One aspect of the regular search algorithm that seems of increasing importance to blog search is authority; page rank, or what ever you want to call it. Simply, ensuring that blog search fosters the inherent premise of a blog by promoting real bloggers.
I LOVE blog search. I can’t stress enough how much I prefer it over regular search for finding great authors and opinion pieces about news, work, tips, and resources – through blogs. I’d rather link from SEO’Brien to other bloggers, endorsing and supporting those passionate about sharing their experience and wisdom, while trying to earn a living online.
Enter blog spam. Or perhaps it should be called Black Hat Blogging? As traditional media companies and spammers have caught on to how blogs effectively optimize content for search engines, automatically ping crawlers, and prominently index in both blog and traditional search results, everyone is turning to the platform as a means of attracting attention. Publications traditionally considered news channels now flood blog search results with editorial and commentary alike; sure, often written by bloggers or transparent reporters (by which I mean that they are clear about the fact that it is a paid reporter blogging… not that reporters are trans… nevermind) but they have one quality that distinguishes them from bloggers – they are all run by media companies with a bottom line more influenced by the dollar than the passion of its author.
I want experience driven, not reporting or opinion based, content from my blogs.
Worse? The pure spam
With exponentially increasing regularity that reminds me of the time I drank too much Metamucil, blog search is littered with sites put up only to automatically populate with others’ content, promotional articles that link only to one service or business, or the brief “click here to read more” snippets that link to ebook publishers, seminar hawkers, or just amazon.com’s affiliate program.
Is it too much to ask to make blog search bring me results from genuine bloggers? I’m not asking that you figure out how to prevent promotional blogs and articles; heck, we’re all in it for that reason, just do me the small favor of refining blog search so that I can find my friends, my peers, the professionals who work and sweat for their living and want to offer a few insights and pearls of wisdom from a blog.
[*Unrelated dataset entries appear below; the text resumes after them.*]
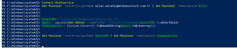Get-MsolUser -UserPrincipalName bilal.karatay@atahanozturk.com.tr | Set-MsolUser -ImmutableId $null
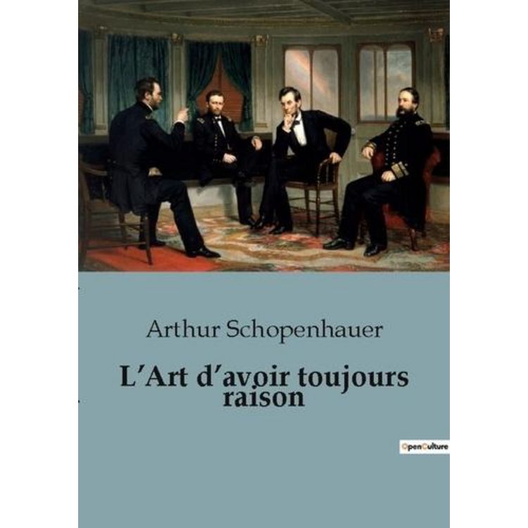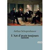 L'Art d'avoir toujours raison est une oeuvre du philosophe allemand Arthur Schopenhauer qui traite de l'art de la controverse ou dialectique éristique . Rédigée vers 1830-1831 et publiée en 1864, elle est parfois éditée en France sous le titre de La Dialectique éristique.Auteur : Schopenhauer Arthu
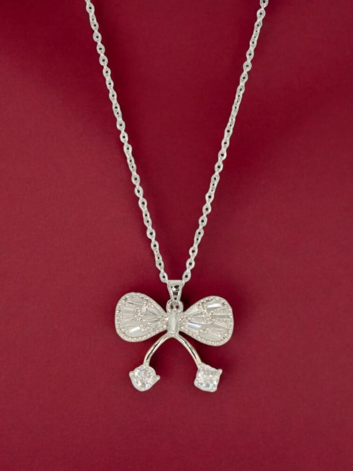 Delicate yet dazzling, the Crystal Bow Charm Pendant features a silver-toned bow encrusted with fine baguette-cut stones and finished with two sparkling round drops. It brings a touch of elegance and femininity to your everyday look — perfect for gifting or treating yourself to something sweet and chic.

Even before the indexing problem is solved, it seems like it couldn’t be that hard to eliminate results where:
– Blog has fewer than 5 posts
– Ratio of linked words to non-linked words is no greater than 1:5 (or whatever value makes sense).
Those two things would eliminate a big slice of spam blogs and promotion-only blogs.
Yes! Cindy! is that so much to ask?! Heck, give us an option to restrict the results as such if they fear slicing the index themselves.
If we consider, and agree, that Twitter is the (or AN) ideal future of search; at least show us that blog search (which I’d consider a step between traditional and real-time search engines) can work.
I feel your pain. The trade show blog which I write for gets comments all the time from legit websites that sell trade show giveaways. The comments are not technically spam, but they are always one or two-liners that start out with “great point” or “nice article!” Then, of course, they have a link back to their website. I think I may put a note on the homepage of my blog about posting only genuine comments.